From: Catalin Marinas <catalin.marinas@arm.com>
To: Mark Brown <broonie@kernel.org>
Cc: "Rick P. Edgecombe" <rick.p.edgecombe@intel.com>,
Deepak Gupta <debug@rivosinc.com>,
Szabolcs Nagy <Szabolcs.Nagy@arm.com>,
"H.J. Lu" <hjl.tools@gmail.com>,
Florian Weimer <fweimer@redhat.com>,
Thomas Gleixner <tglx@linutronix.de>,
Ingo Molnar <mingo@redhat.com>, Borislav Petkov <bp@alien8.de>,
Dave Hansen <dave.hansen@linux.intel.com>,
x86@kernel.org, "H. Peter Anvin" <hpa@zytor.com>,
Peter Zijlstra <peterz@infradead.org>,
Juri Lelli <juri.lelli@redhat.com>,
Vincent Guittot <vincent.guittot@linaro.org>,
Dietmar Eggemann <dietmar.eggemann@arm.com>,
Steven Rostedt <rostedt@goodmis.org>,
Ben Segall <bsegall@google.com>, Mel Gorman <mgorman@suse.de>,
Valentin Schneider <vschneid@redhat.com>,
Christian Brauner <brauner@kernel.org>,
Shuah Khan <shuah@kernel.org>,
linux-kernel@vger.kernel.org, Will Deacon <will@kernel.org>,
jannh@google.com, linux-kselftest@vger.kernel.org,
linux-api@vger.kernel.org, Kees Cook <kees@kernel.org>
Subject: Re: [PATCH RFT v8 4/9] fork: Add shadow stack support to clone3()
Date: Tue, 13 Aug 2024 17:25:47 +0100 [thread overview]
Message-ID: <ZruJCyXDRNhw6U5A@arm.com> (raw)
In-Reply-To: <Zrag5A5K9pv1K9Uz@finisterre.sirena.org.uk>
On Sat, Aug 10, 2024 at 12:06:12AM +0100, Mark Brown wrote:
> On Fri, Aug 09, 2024 at 07:19:26PM +0100, Catalin Marinas wrote:
> > On Thu, Aug 08, 2024 at 09:15:25AM +0100, Mark Brown wrote:
> > > + /* This should really be an atomic cmpxchg. It is not. */
> > > + if (access_remote_vm(mm, addr, &val, sizeof(val),
> > > + FOLL_FORCE) != sizeof(val))
> > > + goto out;
>
> > If we restrict the shadow stack creation only to the CLONE_VM case, we'd
> > not need the remote vm access, it's in the current mm context already.
> > More on this below.
>
> The discussion in previous iterations was that it seemed better to allow
> even surprising use cases since it simplifies the analysis of what we
> have covered. If the user has specified a shadow stack we just do what
> they asked for and let them worry about if it's useful.
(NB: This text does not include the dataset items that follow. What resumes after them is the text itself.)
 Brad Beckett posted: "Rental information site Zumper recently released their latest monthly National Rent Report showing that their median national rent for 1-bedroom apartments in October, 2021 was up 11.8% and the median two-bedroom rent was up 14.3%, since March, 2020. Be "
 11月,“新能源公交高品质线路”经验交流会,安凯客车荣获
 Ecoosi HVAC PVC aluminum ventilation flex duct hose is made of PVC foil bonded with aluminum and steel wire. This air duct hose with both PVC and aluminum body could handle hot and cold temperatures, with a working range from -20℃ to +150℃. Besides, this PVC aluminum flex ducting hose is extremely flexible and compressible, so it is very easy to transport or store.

Thanks for the summary of the past discussions, the patch makes more
sense now. I guess it's easier to follow a clone*() syscall where one
can set a new stack pointer even in the !CLONE_VM case. Just let it set
the shadow stack as well with the new ABI.
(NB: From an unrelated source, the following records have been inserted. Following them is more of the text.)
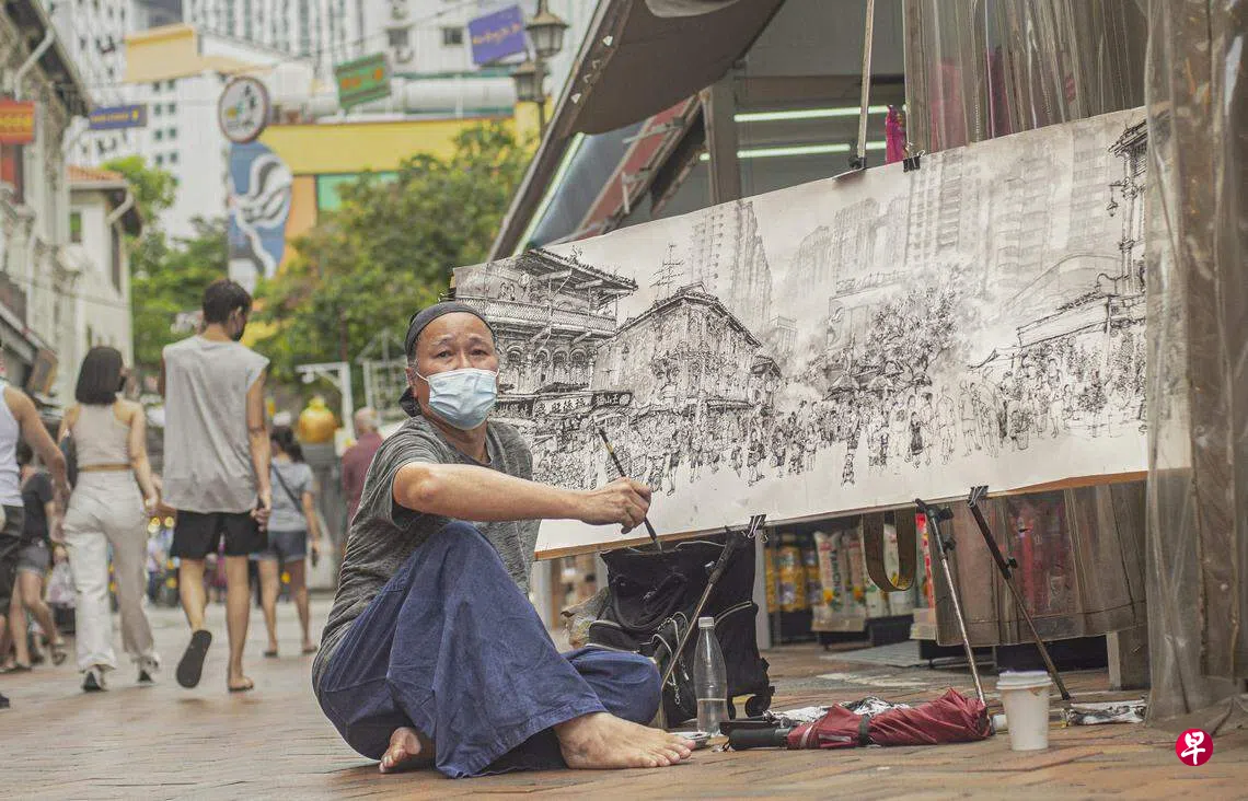 本地水墨画家邓汝能(64岁)“常驻”牛车水10年,在街头写生作画的集大成作品是长18英尺(548厘米)、高95厘米的水墨长卷巨构《人长久》,边走边看富于变化的牛车水市井风俗画卷。
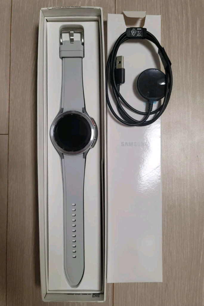 새상품 사서 올해 말에 2번정도 착용했습니다. 실내에서만 착용한거고 밖에 가지고 나가진 않았습니다 거의 새상품이고 풀박스로 있습니다 화면에 워치4용 보호필름 붙여뒀습니다(클래식 용 필름이 아니라 그런지 외곽 부분에 들뜸이 있습니다) 충전기 보호 스티커도 떼지않았습니다 충전기 넣는 부분 박스 윗분이 좀 찢어졌습니다 클래식의 가장 큰 특징은 시계같은 '베젤링'입니다. 베젤링으로 메뉴나 화면 전환을 할 수 있습니다. 부드러운 느낌이 굉장히 좋습니다. 이전 모델과 달리 워치4부터 적용된 기능들이 있어 잘 팔린 모델이며, 가격대비 기능이 잘 나와 인기가 많다 들었습니다. 수면패턴, 만보기, 인바디, 전화, 문자 등 일상생활시 필요한 기능들은 모두 들어있습니다. 저는 워치를 사용하며 수면패턴과 인바디 기능을 가장 유용하게 사용했습니다.
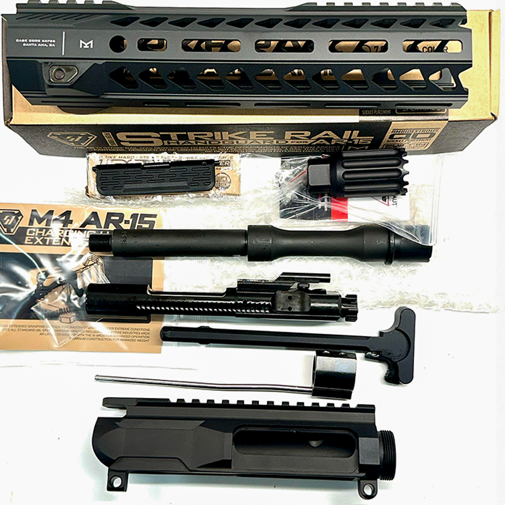 T6 aerospace-grade billet CNC aluminum upper receivers, hard-coat anodized black for durability, replace standard forged receivers here to provide superior rigidity and refined fit-and-finish for OEM-level performance. The package includes a charging handle w/ Strike extended latch and a Strike dust cover for dependable operation and protection.
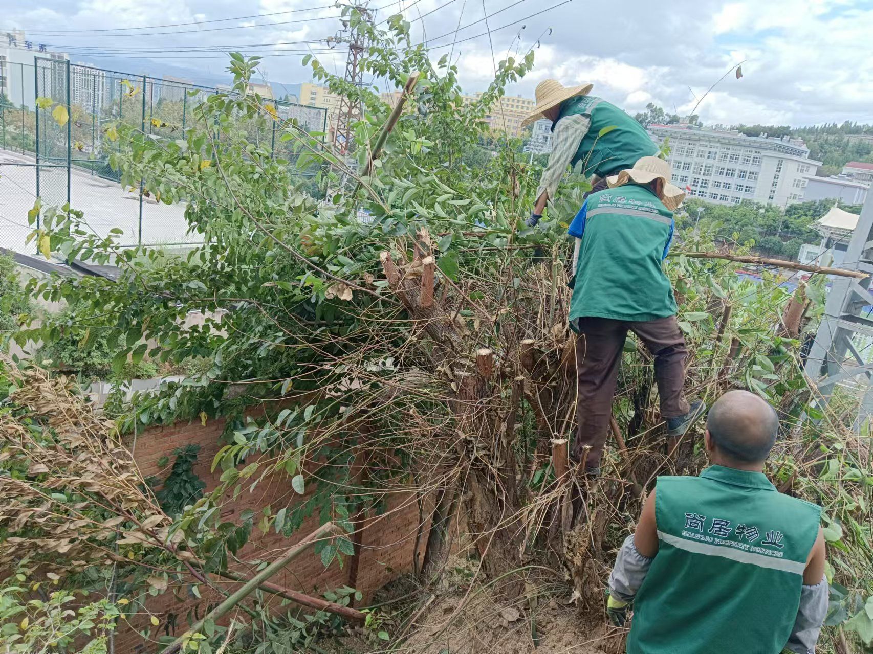2.开展校园公共区域绿篱、草坪养护工作。清除杂草、枯枝,清运绿化垃圾5车,施肥0.8吨;利用育苗基地做好花苗培育和苗木养护;清理地海、东北门至龙马公寓高压塔架周边的树木枝条、杂草;修剪长安楼、学生公寓遮挡摄像头的树木枝条;完成东门至长安楼、地海竹林至美术学院、东北门自然林区病虫害防治工作。
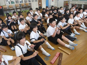 リコーダー講習会を行いました。子ども達はリコーダーに興味津々でした。リコーダーの先生から魔法をかける言葉を教えてもらいました。(子ども達はつぶやきながら帰りました)
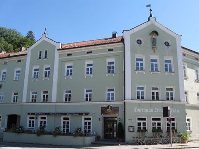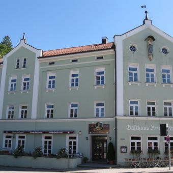 Gasthof Bruckbräu, dreigeschossiger langgestreckter Eckbau mit Risaliten, Mittelteil mit Hausmadonna, bezeichnet mit dem Jahr 1860, nach Brand durch Baumeister M. Isola verändert wiederaufgebaut 1899/1900
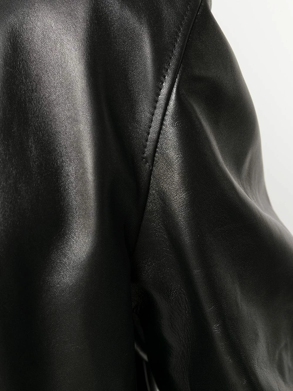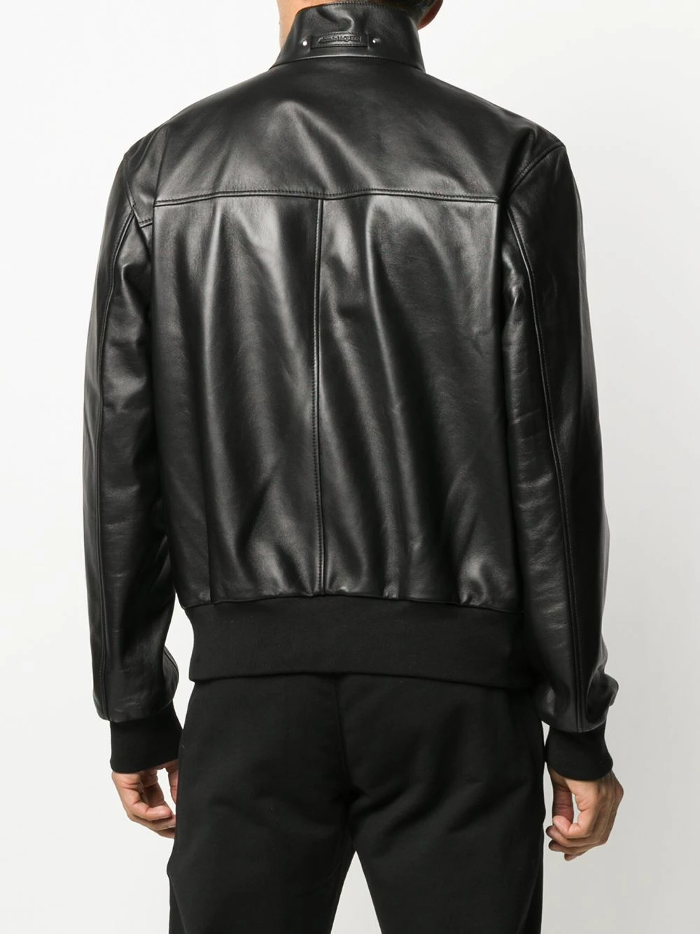 Someone’s looking sleek. Made from black, this lambskin zipped bomber jacket from Alexander McQueen will make you feel like James Dean in Rebel Without a Cause. Trust us, you won’t change your mind. Featuring a front zip fastening, long sleeves, a ribbed hem and cuffs, a straight hem, a high snap fastening collar, two front snap pockets, a check lining and a contrasting red lettering logo at the collar.

However, the x86 would be slightly inconsistent here between clone() and
clone3(). I guess it depends how you look at it. The classic clone()
syscall, if one doesn't pass CLONE_VM but does set new stack, there's no
new shadow stack allocated which I'd expect since it's a new stack.
Well, I doubt anyone cares about this scenario. Are there real cases of
!CLONE_VM but with a new stack?
> > > + if (val != expected)
> > > + goto out;
>
> > I'm confused that we need to consume the token here. I could not find
> > the default shadow stack allocation doing this, only setting it via
> > create_rstor_token() (or I did not search enough). In the default case,
> > is the user consuming it? To me the only difference should been the
> > default allocation vs the one passed by the user via clone3(), with the
> > latter maybe requiring the user to set the token initially.
>
> As discussed for a couple of previous versions if we don't have the
> token and userspace can specify any old shadow stack page as the shadow
> stack this allows clone3() to be used to overwrite the shadow stack of
> another thread, you can point to a shadow stack page which is currently
> in use and then run some code that causes shadow stack writes. This
> could potentially then in turn be used as part of a bigger exploit
> chain, probably it's hard to get anything beyond just causing the other
> thread to fault but won't be impossible.
>
> With a kernel allocated shadow stack this is not an issue since we are
> placing the shadow stack in new memory, userspace can't control where we
> place it so it can't overwrite an existing shadow stack.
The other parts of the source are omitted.